Дни - Владимир Гусев 9 стр.


Деловито идет Сашка Павлов. Пиджак расстегнут, молния на голубой тенниске разошлась до пупа, руки в широких карманах раздувают брюки. Он перешагивает через заборчик и задевает плечом Ирину. Оглядывается.

- А, это ты, Иринка. Чего стоишь?

- Смотрю.

- А чего ж ты тут-то, сзади их?

Берет Ирину за плечи и ведет к скамейке. Она немного упирается, но, загребая тапками песок, все-таки продвигается вперед.

- Мне нельзя играть, - говорит Ирина.

- Зачем играть? Ты и не будешь играть. Будешь смотреть. Смотри, наблюдай. Люди веселятся.

- Мне нельзя. У меня от шума видение.

- Ну и что, видение? Хорошо, что видение, - с нарочитой деловитостью продолжает Сашка. - А ты не слушай. Забила тебе мозги твоя бабка, поповка старая.

- Неее… Это не бабушка. Это врач, Анна Павловна. А бабушка, она тоже, но это она их слушает…

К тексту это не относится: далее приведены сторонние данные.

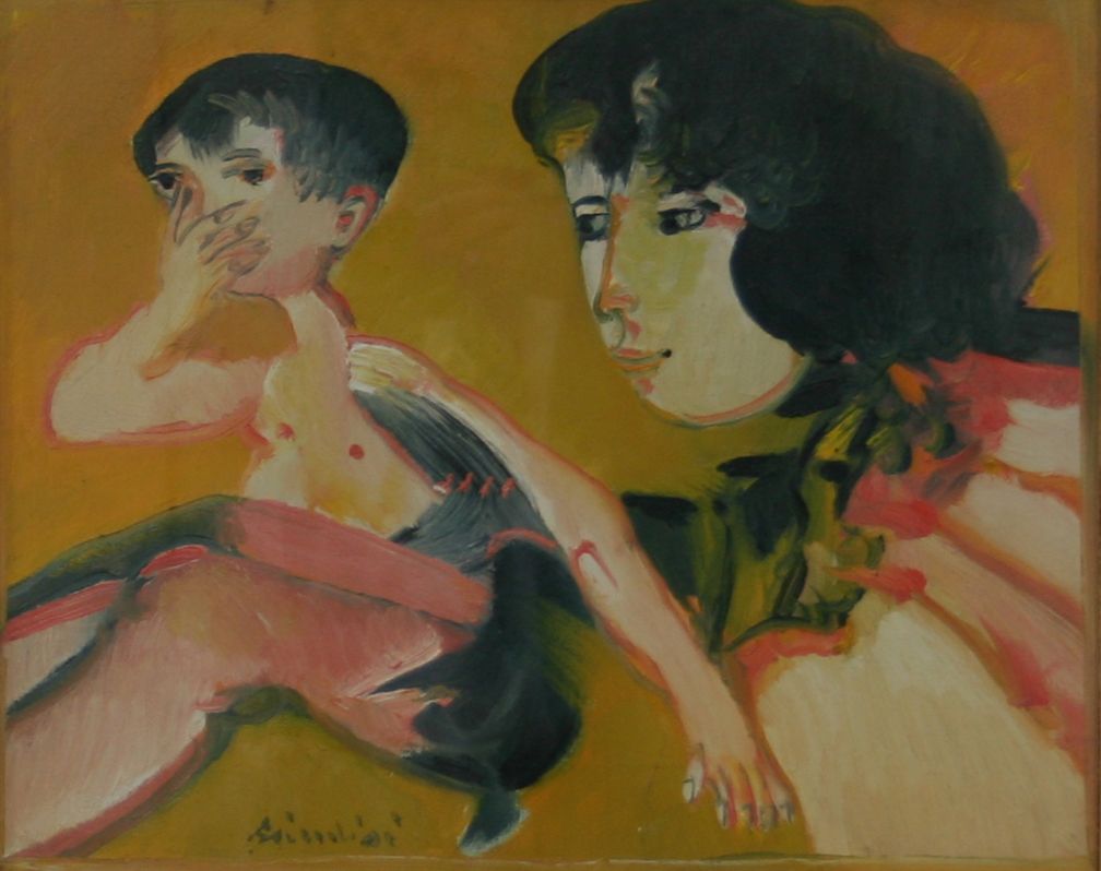 BRINDISI REMO Roma 1918 - 1996 Milano "Maternità" 30x40 olio su tela Opera firmata in basso a sinistra e al retro Autentica dell'artista su fotografia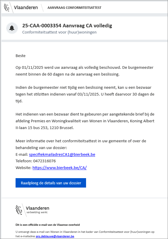 De indiener ontvangt wel automatisch een mail dat zijn aanvraag volledig is. Deze mail bevat de wettelijke termijnen.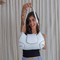 Make a statement with the bold Lunar Curve Bag in White. Its unique curved shape adds a touch of edginess to any outfit. Roomy enough for all your essentials, it's perfect for a day out with friends or a night out on the town. (Note: may induce bag envy.)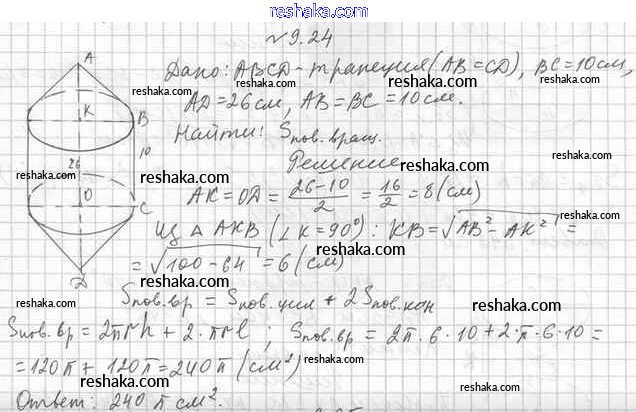 Представляем вам сборники по Геометрии, с готовыми ответами к Учебнику Мерзляк школьной программы для учеников одиннадцатый класса. Это не просто гдз с ответом, а с подсказками, как верно решить §9. Конус 9.24. Проверяй домашку с умом и получай высший балл!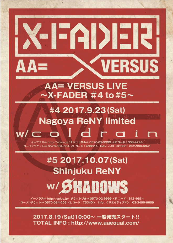 9月23日(土)の名古屋ReNY limited(愛知県)にて開催される<AA= VERSUS LIVE 〜X-FADER #4〜>には、最新アルバム『#5』に収録されている「FREE THE MONSTER」でコラボレーションをしたMasatoが率いるcoldrainが決定した。そして10月7日(土)に新宿ReNY(東京都)にて開催される<AA= VERSUS LIVE 〜X-FADER #5〜>には、2016年に解散したFACTの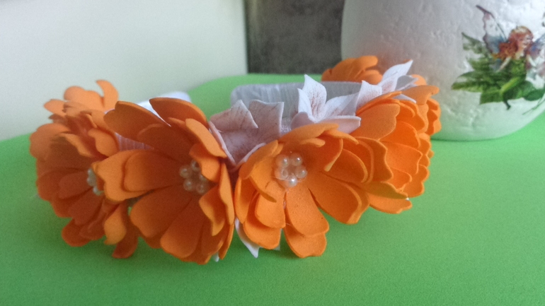Цветы из ткани и форма. Канзаши. Украшения для волос.Попробовала изобразить один из любимых цветов -календулу.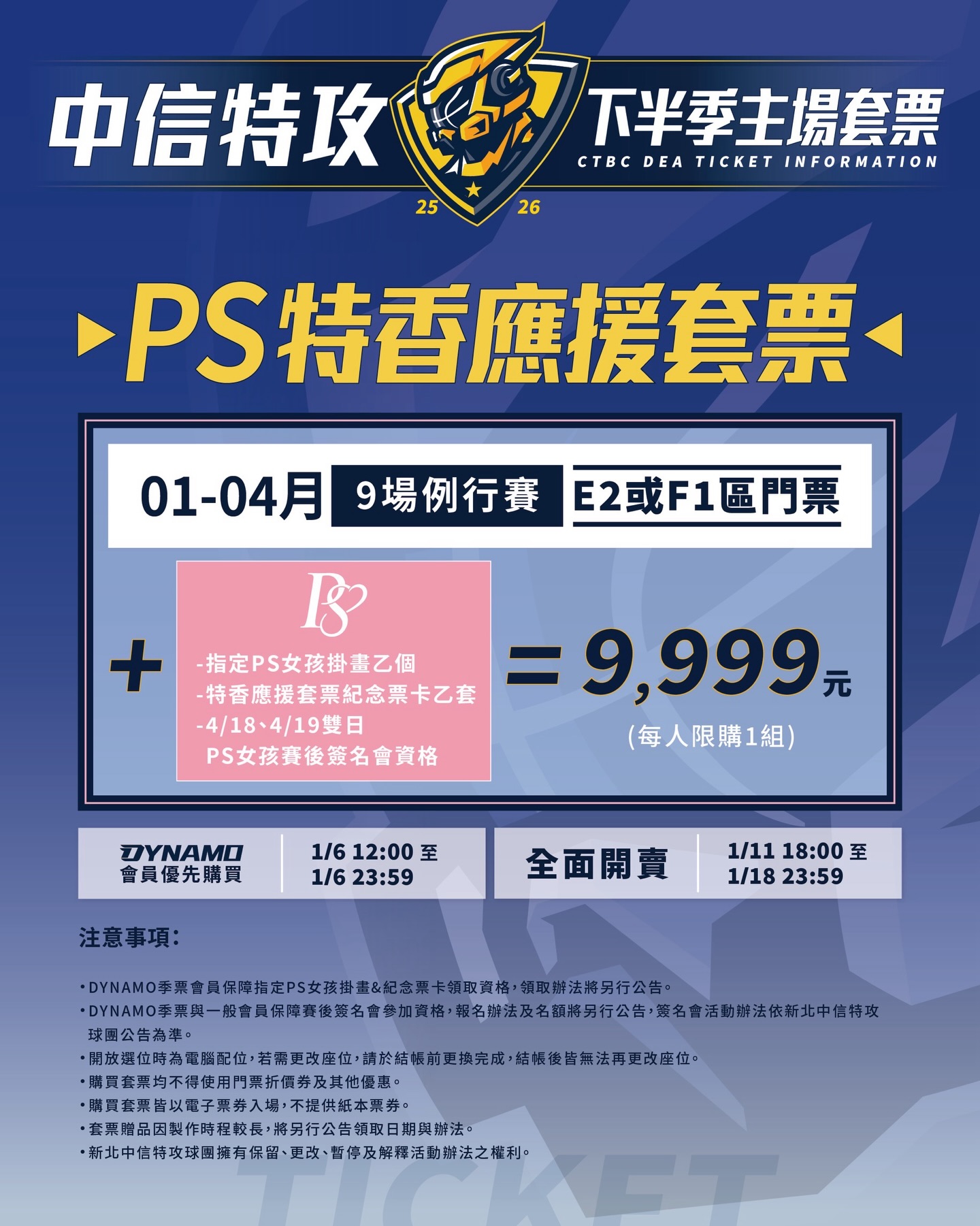 特攻下半季推出「PS特香應援套票」方案票價。圖片來源:新北中信特攻提供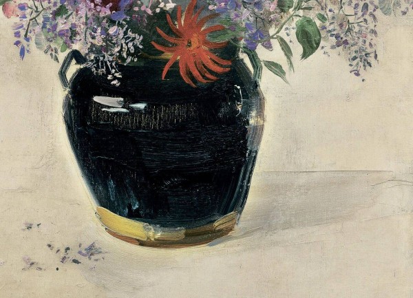 作品没有复杂的背景,只有几瓣落花与极淡的影,这“留白”恰是东方美学最自信的表达,不解释,不填满,画中紫色丁香如烟霞朦胧,桌面隐去,只留几片落花与浅影,满满东方留白的韵味。花瓶平涂宁静,花枝松散恣意——吴冠中笔下的中西融合,温柔又坚定。让你听见花开的声音,闻到时光拂过的气息。

- А ты - не слушай. Поиграть, посмотреть на людей всякому можно. Врачи-грачи… Вы, мадамы, посадите человека. Давай, Иринка, давай. Ты не бойся. Столкни вот ее, и все, - пихает он толстую Клавку в красной кофте. Та взвизгивает. Для этого Сашка и провел весь номер. Но все-таки он уже вошел в раж и командует, тряся барашковым чубом: - Раздвиньтесь! Дайте сесть!

Ирину усаживают посреди скамейки. Она, улыбаясь, смотрит на игру. Какая-то девушка - гостья за лавкой - взглядывает на подругу, подняв брови, подкивнув чуть вверх: "Что, мол, это?" Подруга вертит у виска пальцем.

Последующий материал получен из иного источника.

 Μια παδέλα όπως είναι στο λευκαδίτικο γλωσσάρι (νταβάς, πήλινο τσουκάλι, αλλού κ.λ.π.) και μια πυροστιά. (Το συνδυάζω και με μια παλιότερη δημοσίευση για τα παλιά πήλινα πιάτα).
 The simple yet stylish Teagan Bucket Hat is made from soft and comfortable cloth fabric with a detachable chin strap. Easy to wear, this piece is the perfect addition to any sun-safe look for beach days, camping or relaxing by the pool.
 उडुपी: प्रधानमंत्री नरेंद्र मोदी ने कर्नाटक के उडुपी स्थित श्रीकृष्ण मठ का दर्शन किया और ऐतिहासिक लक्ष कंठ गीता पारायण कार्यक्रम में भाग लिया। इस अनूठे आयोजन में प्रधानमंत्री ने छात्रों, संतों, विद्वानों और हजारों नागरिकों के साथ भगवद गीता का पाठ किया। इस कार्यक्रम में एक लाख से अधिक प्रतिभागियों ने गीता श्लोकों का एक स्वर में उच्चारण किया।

На площадке продолжается яростная рубка. Сетка очень низкая, провисшая, и все молотят как попало. Мишка, шофер, не выпуская изо рта папиросы и оскалив зубы, остервенело долбит вниз всякий мяч, который к нему попадает. Он самый близкий к скамейке (играют без переходов). При этом делает вид, что он прыгает: поддает ногой вперед, выгибает спину. Но прыгать, с его ростом, надобности нет. Но играть он все-таки не умеет и часто бьет в сетку. Мяч сильно надувает ее, режется по ячейкам вдоль сетки, веревки скрипят.

- Мишка! Тоже мне резак! С-под пуза-то не руби! - кричат соседи.

- Ни-че-воооо!! - рычит Михаил, вновь устремляясь на мяч.

…Ирина сначала задумчиво наблюдала за игрой.

Потом горькое волнение пошло в ней, сердце само, без причин, стало биться крепче, все в ней напряглось и никак не опадало. Она уж знала, что это приближается то самое. Стук по мячу - как легкие удары по голове; перед глазами мелькало, но нить и смысл игры потерялись. Она все видела, но как бы забыла, что ее глаза умеют видеть и видят… Перед ней сновали загорелые руки, пыльные майки; она сидела на лавке у самой бровки площадки, другие девушки тесно сдавили ее с боков - на маленькой доске ухитрились угнездиться человек двенадцать; она почти осязаемо чувствовала развинченную силу, упругость Мишкиного тела, особенно ощутимую сейчас для нее - для человека, долго сидевшего неподвижно и скованно, немного озябшего со спины; и где-то глубоко и в стороне сознания все это в ней и отпечатывалось. Но между нею и всем происходящим, как ей казалось, - между нею и ее глазами было и другое - другая жизнь, другая картина, другие люди, жесты, движения. Они становились все настойчивей, все отчетливей. И вот они заговорили, задвигались совсем уж уверенно, ясно. И лишь где-то сбоку, как прозрачные, бесплотные, но немного мешающие, раздражающие тени, кто-то постукивал, прыгал, кричали петушистые голоса.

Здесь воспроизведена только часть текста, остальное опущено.